The records below are to be restated word for word, with their images omitted.

++++ RECORDS SUPPLIED ++++

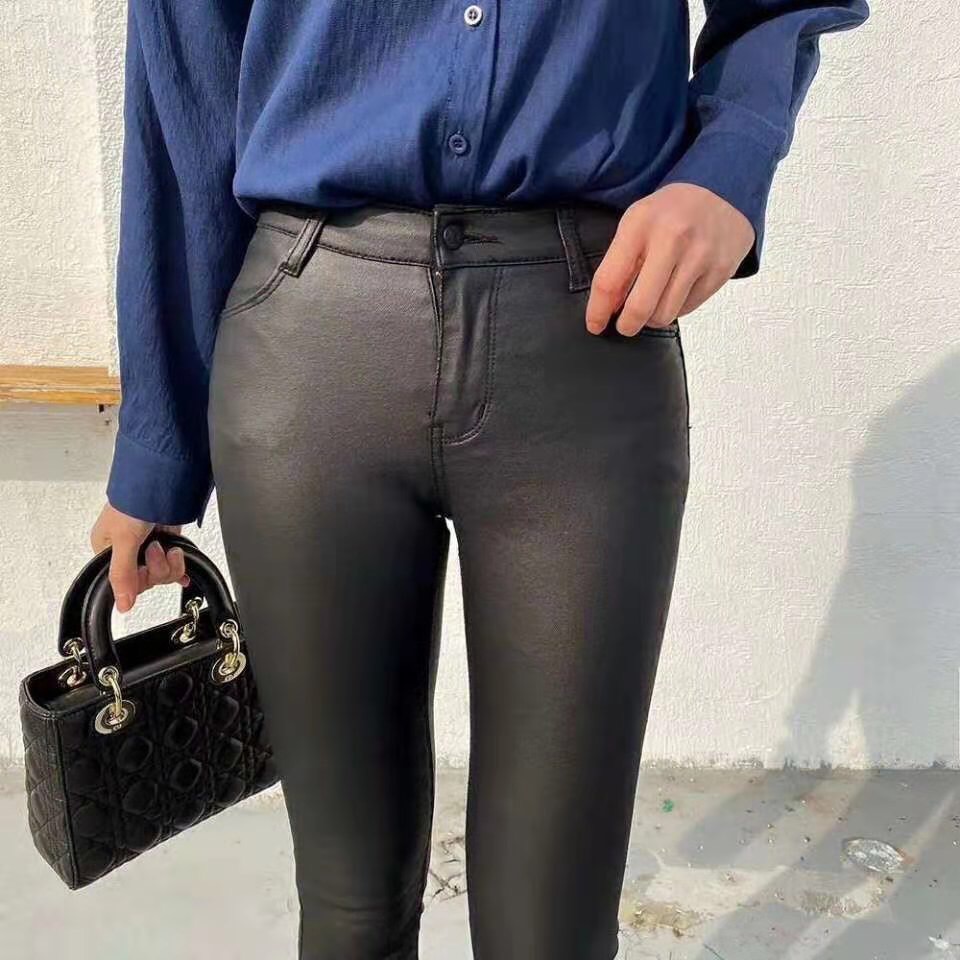 正韓-仿皮彈力褲
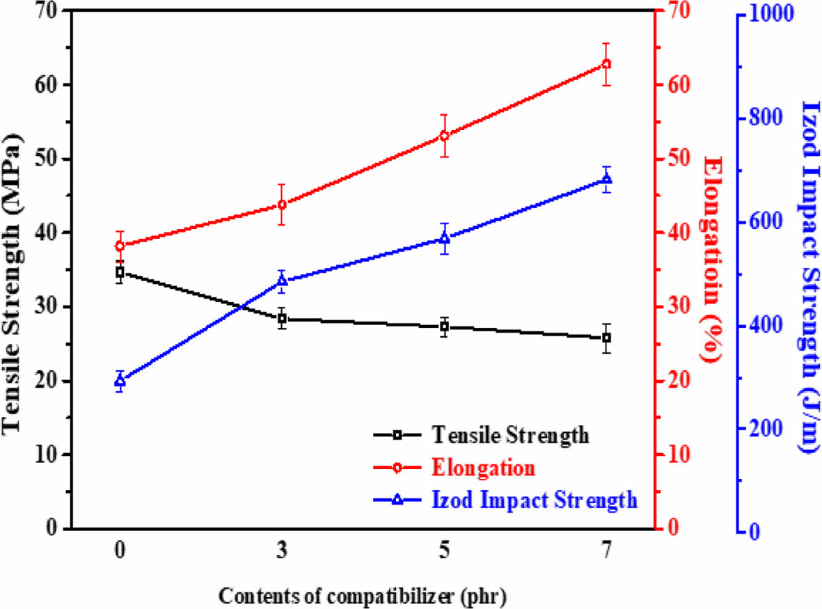 Mechanical properties of compatibilized PLA/PHA (70/ 30) blends.
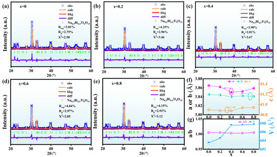 x = 0.4. All samples correspond to the primary NBT phase, with no secondary phases detected.
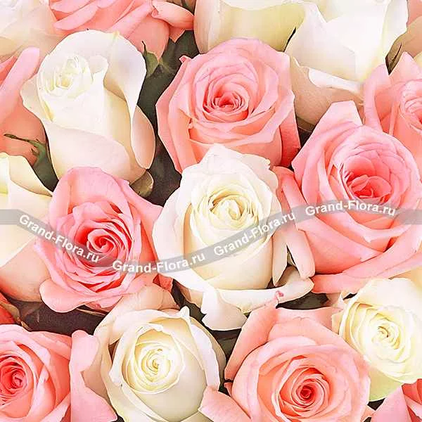Роза белая (кремовая) и розовая 70 см - 51 шт , упаковка фетр.
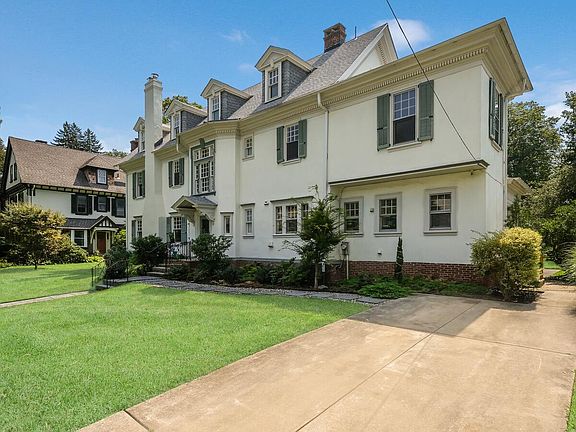 Stately 3 story Manor home in Elkins Park with flagstone center walkway leading to iron grill glass front door that opens to a private marble floor vestibule. The vestibule opens to a 2-story grand Foyer with refinished original recently finished hardwood floors turned staircase. 10 ceilings throughout the first floor. Center hall Foyer opens into spacious formal Living room with double French glass doors, turn of the century masonry fireplace with custom marble surround with custom mahogany mantle and large double-hung windows flanking each side of fireplace & triple eyebrow windows on side wall plus double French doors on the back wall leads to the back porch. The Grand center Foyer also opens to formal Dining Room with custom chair rail & crown molding, large triple window, and swing door that opens to the Kitchen with a separate eating room that offers custom, built-in glass door double pantry. Working Kitchen with hardwood floor, island offering stainless steel sink and dishwasher. Separate work area with Corian countertop. 2nd dishwasher, under-mount stainless steel sink & gas sealed burner cooktop with custom ceramic tile backsplash. Separate double wall oven, additional built-in glass door pantry cabinet, cast iron gas fireplace with custom tiled floor & wall plus brick accent wall. Large recently renovated Solarium just refinished with brick herringbone floor with vaulted ceiling & custom beams, 7 newly installed double-hung windows, 4 custom skylights & double French doors leading to first floor Dining Room. 2 completely renovated Powder rooms on 1st floor and a separate Laundry Room that can work as a mudroom. Custom black walnut turned staircase off of Foyer leading to large 2nd-floor landing. This home has 8 bedrooms, 4 full baths, and 2 half baths. The second floor offers large bedrooms with 9 ceilings & custom millwork. The Master Bedroom features an au pair suite/study & a gorgeous Master Bath with custom marble tiled walls and heated floor, a huge walk-in seamless glass door shower with marble tile & 2 showerheads. Beautiful replica eggshell clawfoot tub & custom cherry double vanity with Grey Granite top, custom mirrors & hardware. 3 full custom baths on the 2nd floor plus 1 additional full bath on the 3rd level. There are two other large bedrooms that share a comfortable full bathroom and a junior suite at the other end of the hallway with its own full bath. The third floor is only accessible via the service stairs and has another 4 bedrooms and a brand-new full marble bathroom. Built in 1901 by railroad magnate, T. Voorhees, this house was eventually bought and renovated by the Gimbel family, of Gimbel Department Stores fame. Located in Elkins Park, just outside of Philadelphia, this neighborhood has much to offer in a tranquil setting. The home is in the award-winning Cheltenham school district, close to shopping, supermarkets, hospitals, the Elkins Park train station, and a short drive away from Center City Philadelphia. The home sits on a 0.34-acre (14,670 SF) lot, with beautifully maintained landscaping. There are two porches and a large concrete patio, ready for entertaining!
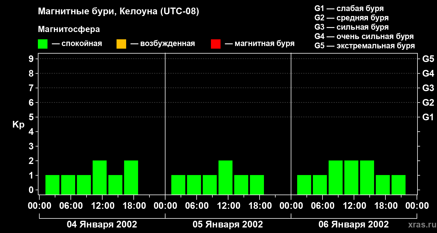 Изменения геомагнитного индекса Kp с 4 по 6 января 2002 года для средних широт
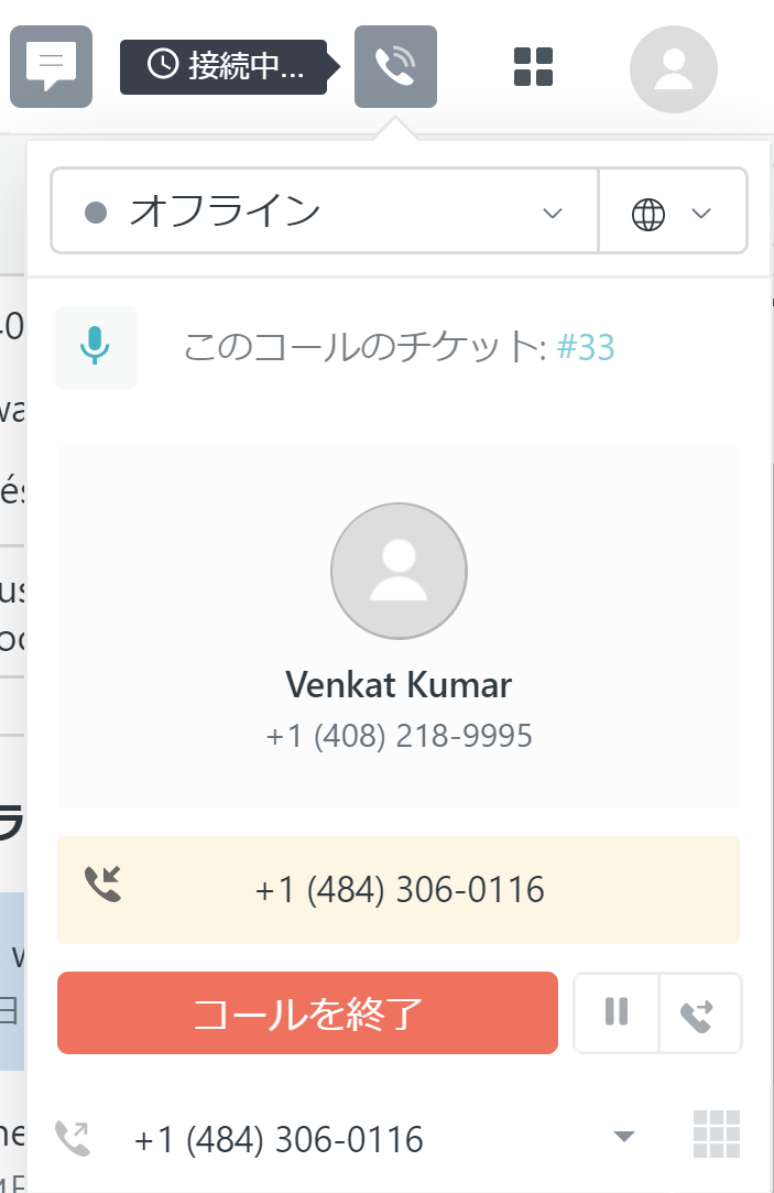 エージェントは、チケットからのコールを転送、一時停止、または終了できます。 |
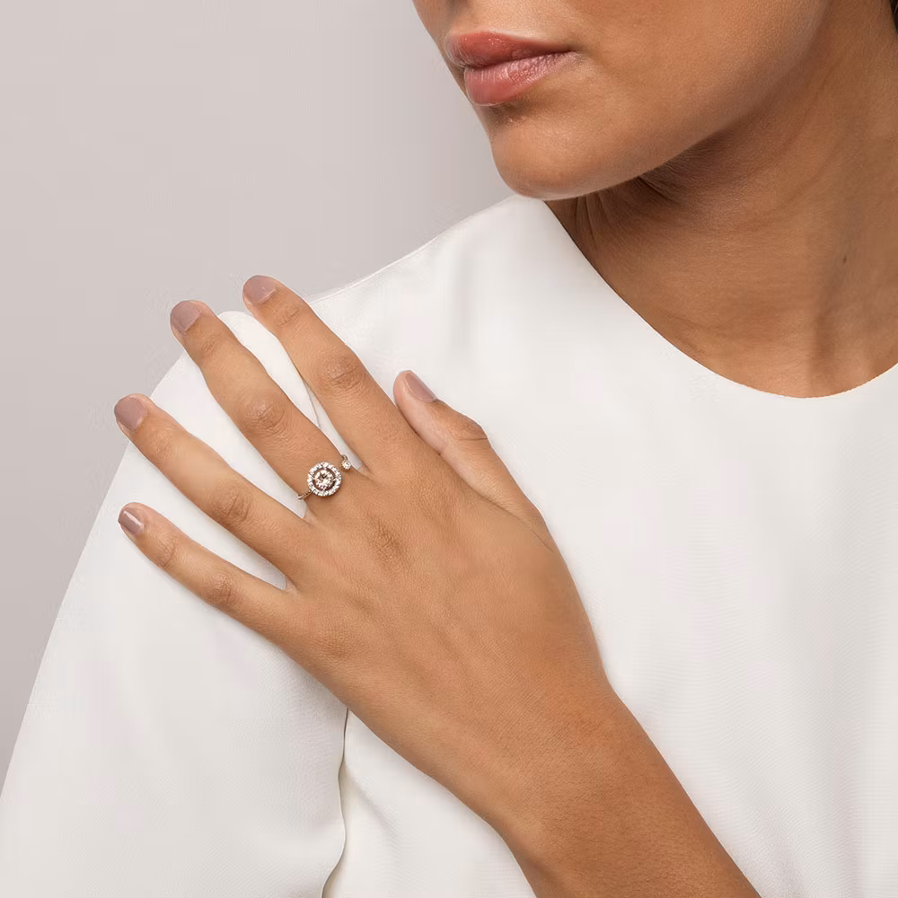 Vår signaturring, med en vacker romantisk och lyxig pinky-peach sten som

++++

## SOLUTION
 正韓-仿皮彈力褲
 Mechanical properties of compatibilized PLA/PHA (70/ 30) blends.
 x = 0.4. All samples correspond to the primary NBT phase, with no secondary phases detected.
Роза белая (кремовая) и розовая 70 см - 51 шт , упаковка фетр.
 Stately 3 story Manor home in Elkins Park with flagstone center walkway leading to iron grill glass front door that opens to a private marble floor vestibule. The vestibule opens to a 2-story grand Foyer with refinished original recently finished hardwood floors turned staircase. 10 ceilings throughout the first floor. Center hall Foyer opens into spacious formal Living room with double French glass doors, turn of the century masonry fireplace with custom marble surround with custom mahogany mantle and large double-hung windows flanking each side of fireplace & triple eyebrow windows on side wall plus double French doors on the back wall leads to the back porch. The Grand center Foyer also opens to formal Dining Room with custom chair rail & crown molding, large triple window, and swing door that opens to the Kitchen with a separate eating room that offers custom, built-in glass door double pantry. Working Kitchen with hardwood floor, island offering stainless steel sink and dishwasher. Separate work area with Corian countertop. 2nd dishwasher, under-mount stainless steel sink & gas sealed burner cooktop with custom ceramic tile backsplash. Separate double wall oven, additional built-in glass door pantry cabinet, cast iron gas fireplace with custom tiled floor & wall plus brick accent wall. Large recently renovated Solarium just refinished with brick herringbone floor with vaulted ceiling & custom beams, 7 newly installed double-hung windows, 4 custom skylights & double French doors leading to first floor Dining Room. 2 completely renovated Powder rooms on 1st floor and a separate Laundry Room that can work as a mudroom. Custom black walnut turned staircase off of Foyer leading to large 2nd-floor landing. This home has 8 bedrooms, 4 full baths, and 2 half baths. The second floor offers large bedrooms with 9 ceilings & custom millwork. The Master Bedroom features an au pair suite/study & a gorgeous Master Bath with custom marble tiled walls and heated floor, a huge walk-in seamless glass door shower with marble tile & 2 showerheads. Beautiful replica eggshell clawfoot tub & custom cherry double vanity with Grey Granite top, custom mirrors & hardware. 3 full custom baths on the 2nd floor plus 1 additional full bath on the 3rd level. There are two other large bedrooms that share a comfortable full bathroom and a junior suite at the other end of the hallway with its own full bath. The third floor is only accessible via the service stairs and has another 4 bedrooms and a brand-new full marble bathroom. Built in 1901 by railroad magnate, T. Voorhees, this house was eventually bought and renovated by the Gimbel family, of Gimbel Department Stores fame. Located in Elkins Park, just outside of Philadelphia, this neighborhood has much to offer in a tranquil setting. The home is in the award-winning Cheltenham school district, close to shopping, supermarkets, hospitals, the Elkins Park train station, and a short drive away from Center City Philadelphia. The home sits on a 0.34-acre (14,670 SF) lot, with beautifully maintained landscaping. There are two porches and a large concrete patio, ready for entertaining!
 Изменения геомагнитного индекса Kp с 4 по 6 января 2002 года для средних широт
 エージェントは、チケットからのコールを転送、一時停止、または終了できます。 |
 Vår signaturring, med en vacker romantisk och lyxig pinky-peach sten som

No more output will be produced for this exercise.